Discovering A New Spot
Some time ago, Jim’s son played disc golf at a local disc golf course. After noticing the scads of rocks and boulders on and around the course, he told Jim he’d probably enjoy riding his trials bike there. So Jim, Tony, and probably others (I don’t know, I couldn’t go) gave it a shot – last year, I believe.
While I love our favorite local spots, I also really enjoy the opportunity to try riding new places, whether they’re local or not. So when someone proposed this spot for a recent group ride, I was definitely onboard. And Jim’s son was right about this place – it has some pretty cool features and lines for trials!
Healthy Rider Turnout
The ride started out with just Jim, Tony, and me, but others trickled in as well: Scott, Dan, and Ryan. This season’s rider turnout at the group rides has been smaller than recent years, so it was good to get this many riders. What I didn’t realize initially is that Jim’s son and brother actually came along as well – but to play disc golf, not ride bikes.

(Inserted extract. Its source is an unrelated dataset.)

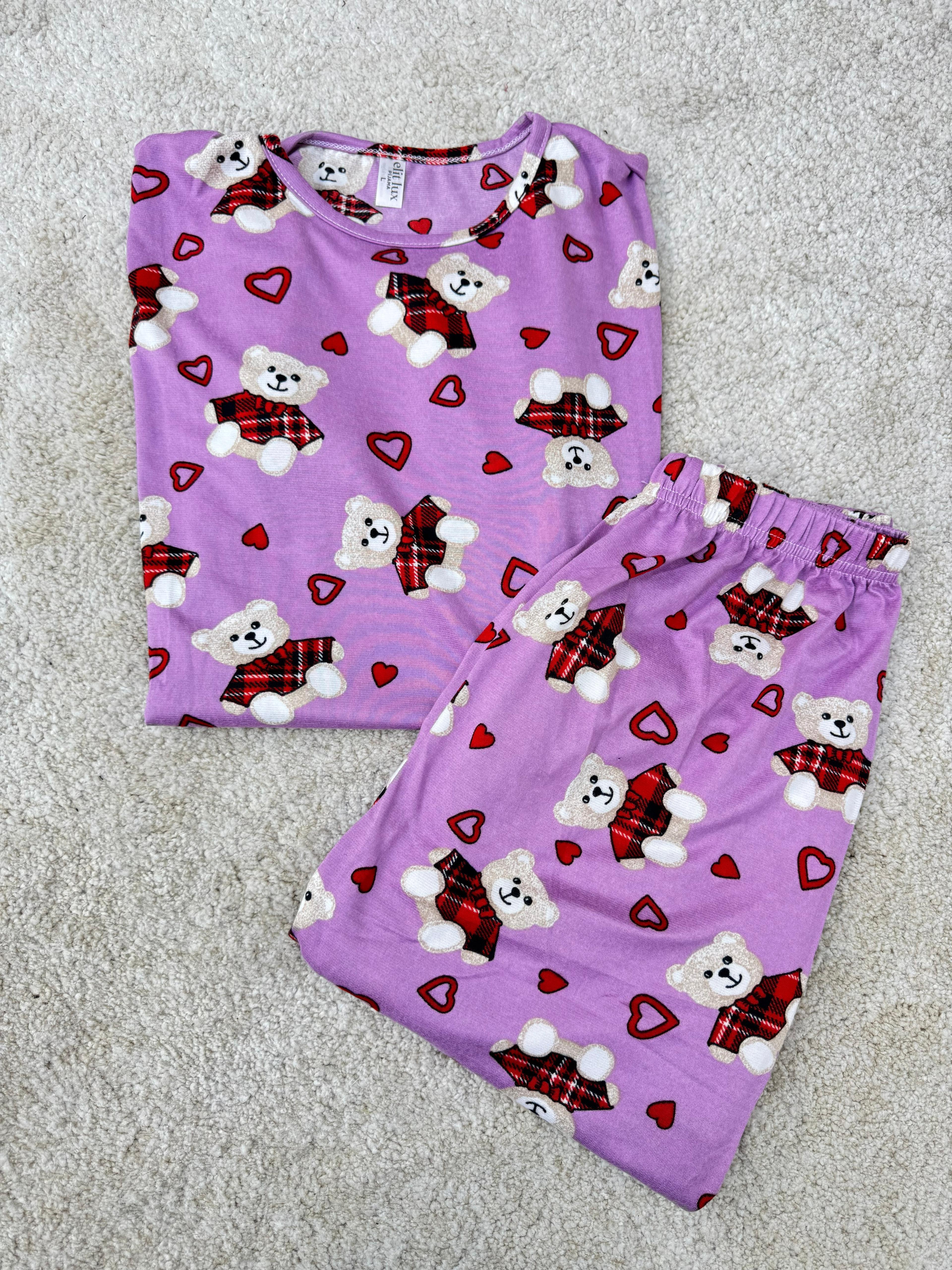 ç0030-milan kumaş kısa kollu ayıcıklı pijama takımı-mor (ç0030)

Jim, Tony and I spent a good deal of time warming up with some lines up and over a single boulder. I ended up making a whole video of just that, actually, because I liked watching the three of us demonstrating different skills and styles. And of course we had fun goofing and joking around together as well – a hallmark of our group ride dynamic.
Even More Rocks!
After spending some time riding rocks near the first “tee” of the disc golf course (and Dan fixing a pinch flat he got about 2 seconds into the ride), we headed into the woods to try out some other spots. I did more filming and riding this week. Not sure why, but I wasn’t totally “feeling it”. Plus, the other riders were doing some cool stuff I didn’t want to miss capturing on video.
In the woods, there were significantly more rocks than at the park entrance. In addition to a good sized boulder field, with (relatively) low consequence heights, there was also a gap line across the creek and a variety of other rocky lines. With the variety of terrain and obstacle types, it was interesting to watch each of the different riders choose lines that played to their strengths.
Respect The Public When You Ride
While we rode this location, we were sensitive to the fact that this was a disc golf course, with multiple groups playing that afternoon. We were on their turf, not the other way around. So we maintained awareness. Each time a group of players came through, we acknowledged them, stopped riding, and watched them throw. Additionally, we watched where their discs landed to help the players locate them, which they appreciated. It’s important to have this attitude when we ride so that the non-trials public accepts us (worst case) and wants having us around (best case).